You could use groupby:
def f(group):
row = group.irow(0)
return DataFrame({'class': [row['class']] * row['count']})
df.groupby('class', group_keys=False).apply(f)
so you get
In [25]: df.groupby('class', group_keys=False).apply(f)
Out[25]:
class
0 A
0 C
1 C
You can fix the index of the result however you like
I know this is an old question, but I was having trouble getting Wes' answer to work for multiple columns in the dataframe so I made his code a bit more generic. Thought I'd share in case anyone else stumbles on this question with the same problem.
You just basically specify what column has the counts in it in and you get an expanded dataframe in return.
import pandas as pd
df = pd.DataFrame({'class 1': ['A','B','C','A'],
'class 2': [ 1, 2, 3, 1],
'count': [ 3, 3, 3, 1]})
print df,"\n"
def f(group, *args):
row = group.irow(0)
Dict = {}
row_dict = row.to_dict()
for item in row_dict: Dict[item] = [row[item]] * row[args[0]]
return pd.DataFrame(Dict)
def ExpandRows(df,WeightsColumnName):
df_expand = df.groupby(df.columns.tolist(), group_keys=False).apply(f,WeightsColumnName).reset_index(drop=True)
return df_expand
df_expanded = ExpandRows(df,'count')
print df_expanded
Returns:
class 1 class 2 count
0 A 1 3
1 B 2 3
2 C 3 3
3 A 1 1
class 1 class 2 count
0 A 1 1
1 A 1 3
2 A 1 3
3 A 1 3
4 B 2 3
5 B 2 3
6 B 2 3
7 C 3 3
8 C 3 3
9 C 3 3
With regards to speed, my base df is 10 columns by ~6k rows and when expanded is ~100,000 rows takes ~7 seconds. I'm not sure in this case if grouping is necessary or wise since it's taking all the columns to group form, but hey whatever only 7 seconds.
There is even a simpler and significantly more efficient solution.

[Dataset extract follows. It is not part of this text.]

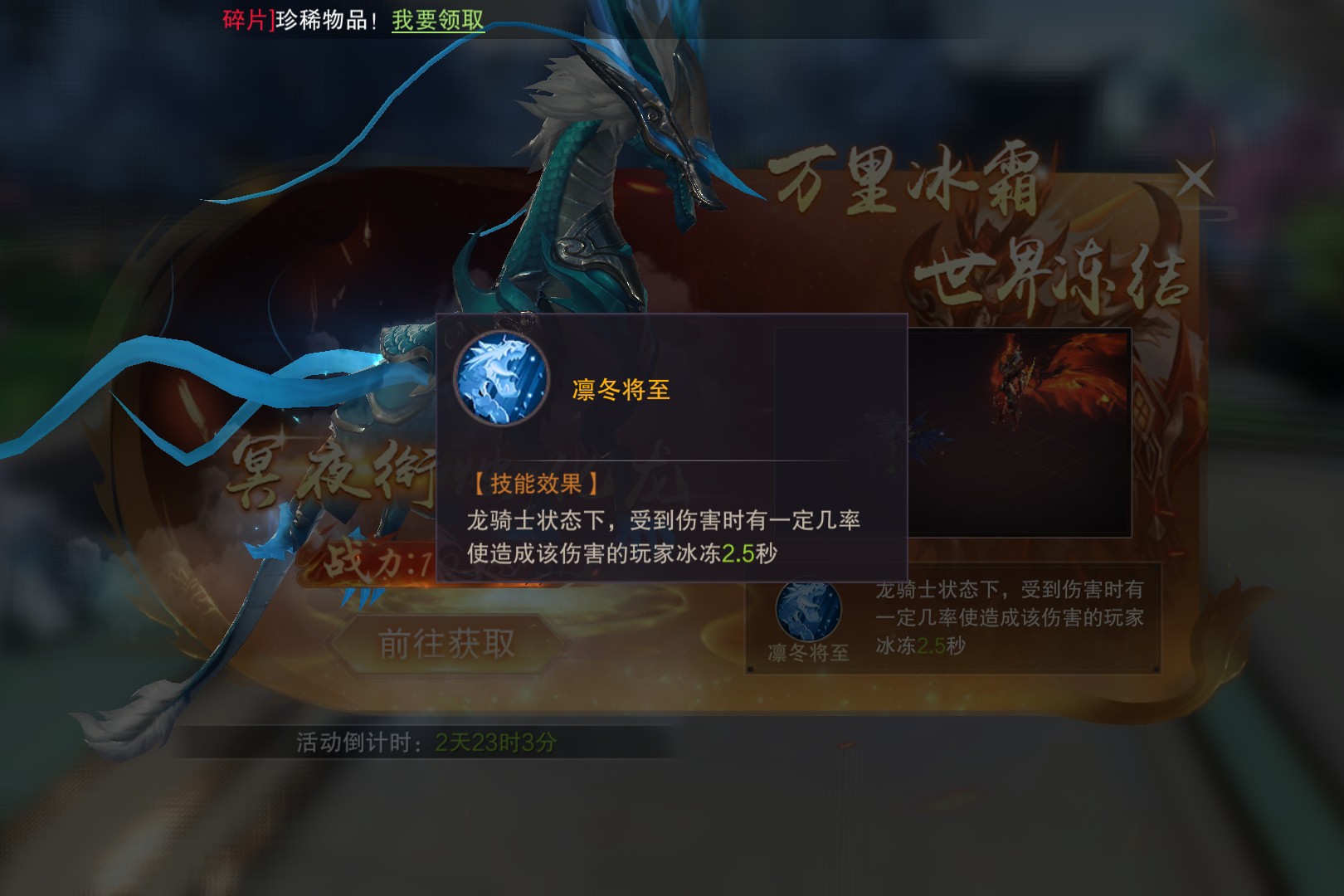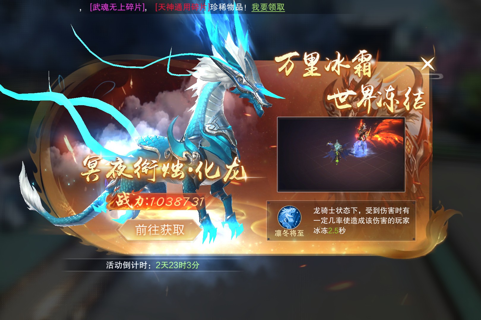 一条身披蓝白战甲的巨龙横空出世它就是冥夜衔烛·化龙,战力高达1038731,单凭这数字便足以让仙域众生侧目。它的技能凛冬将至更是霸道绝伦,在龙骑士状态下,受到伤害时有一定几率让攻击者冰冻2.5秒,万里冰霜,世界冻结。

I had to make similar modification for a table of about 3.5M rows, and the previous suggested solutions were extremely slow.
A better way is to use numpy's repeat procedure for generating a new index in which each row index is repeated multiple times according to its given count, and use iloc to select rows of the original table according to this index:
import pandas as pd
import numpy as np
df = pd.DataFrame({'class': ['A', 'B', 'C'], 'count': [1, 0, 2]})
spread_ixs = np.repeat(range(len(df)), df['count'])
spread_ixs
array([0, 2, 2])
df.iloc[spread_ixs, :].drop(columns='count').reset_index(drop=True)
class
0 A
1 C
2 C
This question is very old and the answers do not reflect pandas modern capabilities. You can use iterrows to loop over every row and then use the DataFrame constructor to create new DataFrames with the correct number of rows. Finally, use pd.concat to concatenate all the rows together.
pd.concat([pd.DataFrame(data=[row], index=range(row['count']))
for _, row in df.iterrows()], ignore_index=True)
class count
0 A 1
1 C 2
2 C 2
This has the benefit of working with any size DataFrame.